Three ways to help your digestion
Keeping your digestive system at peak performance is a big part of everyday wellness. So who better to offer advice in this area than Chief Wellness Officer Michael Roizen, MD. Dr. Roizen also serves as Chairman of the Wellness Institute at Cleveland Clinic. He is the best-selling author of the RealAge books as well as co-author with Mehmet Oz, MD, of YOU: The Owner’s Manual and other books in that series.
Here, in an excerpt from YOU: Staying Young, are three tips to help keep your digestive system running smoothly.

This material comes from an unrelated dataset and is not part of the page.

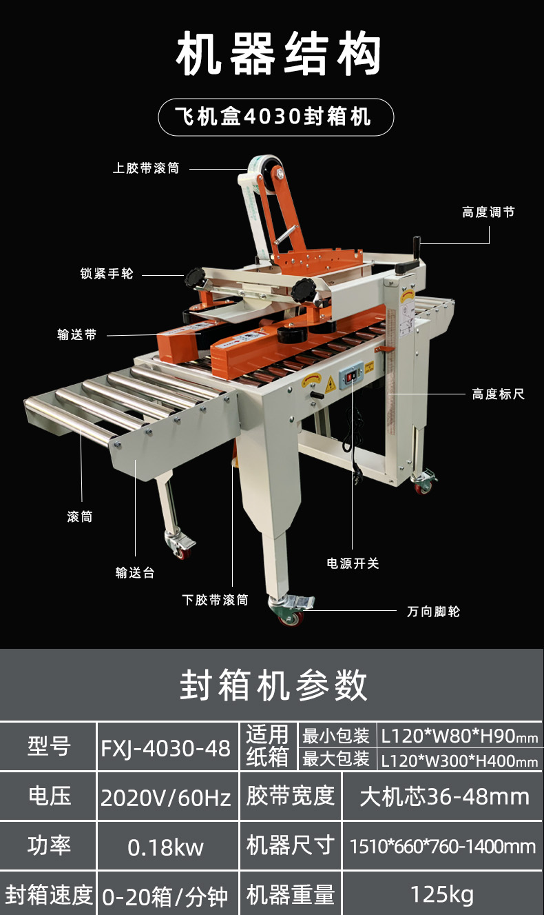 4030X全自動(dòng)紙箱膠帶封箱機(jī)郵政紙箱包裝機(jī)膠帶封箱透明膠帶打包
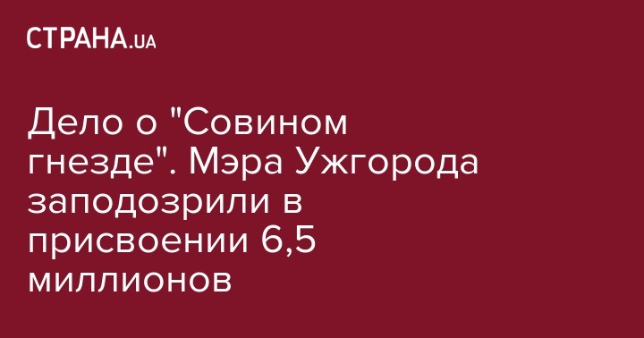 Дело о "Совином гнезде". Мэра Ужгорода заподозрили в присвоении 6,5 миллионов

The food duo with the most muscle: fiber and water. Together they keep your food bulky and soft so it can move easily through your system without putting too much pressure on your intestines. Fiber is found in fruits, vegetables, whole grains, oats, beans and some cereals. Your goal: 35 grams a day for women and 25 grams a day for men.
Shower Your Insides
You hear the advice about drinking eight 8-ounce glasses of water [but] there’s no magic to this number. The right amount varies according to your activity level and size, so if you want, just drink enough water so that your urine is clear. It helps lubricate [your digestive system] so food can slide through more easily. Plus, it helps quell hunger, fights bad breath, and helps you avoid dry mouth.
Play with Your Food
The best way to experiment with foods that may be causing you general digestive irritation is to do the food elimination test. For three days in a row, eliminate certain groups of food from your diet – dairy products, wheat products and sugars being the top three to try. Write down how you feel during those days, and notice any changes in digestive feelings as well as things like your energy level. The test will give you insight not into allergies specifically but into food irritabilities – symptoms that can make you feel like you have a touch of the flu.
YOU: Staying Young, by Michael F. Roizen, MD, and Mehmet C. Oz, MD, is published by Free Press, a division of Simon & Schuster Inc. Excerpt used with permission.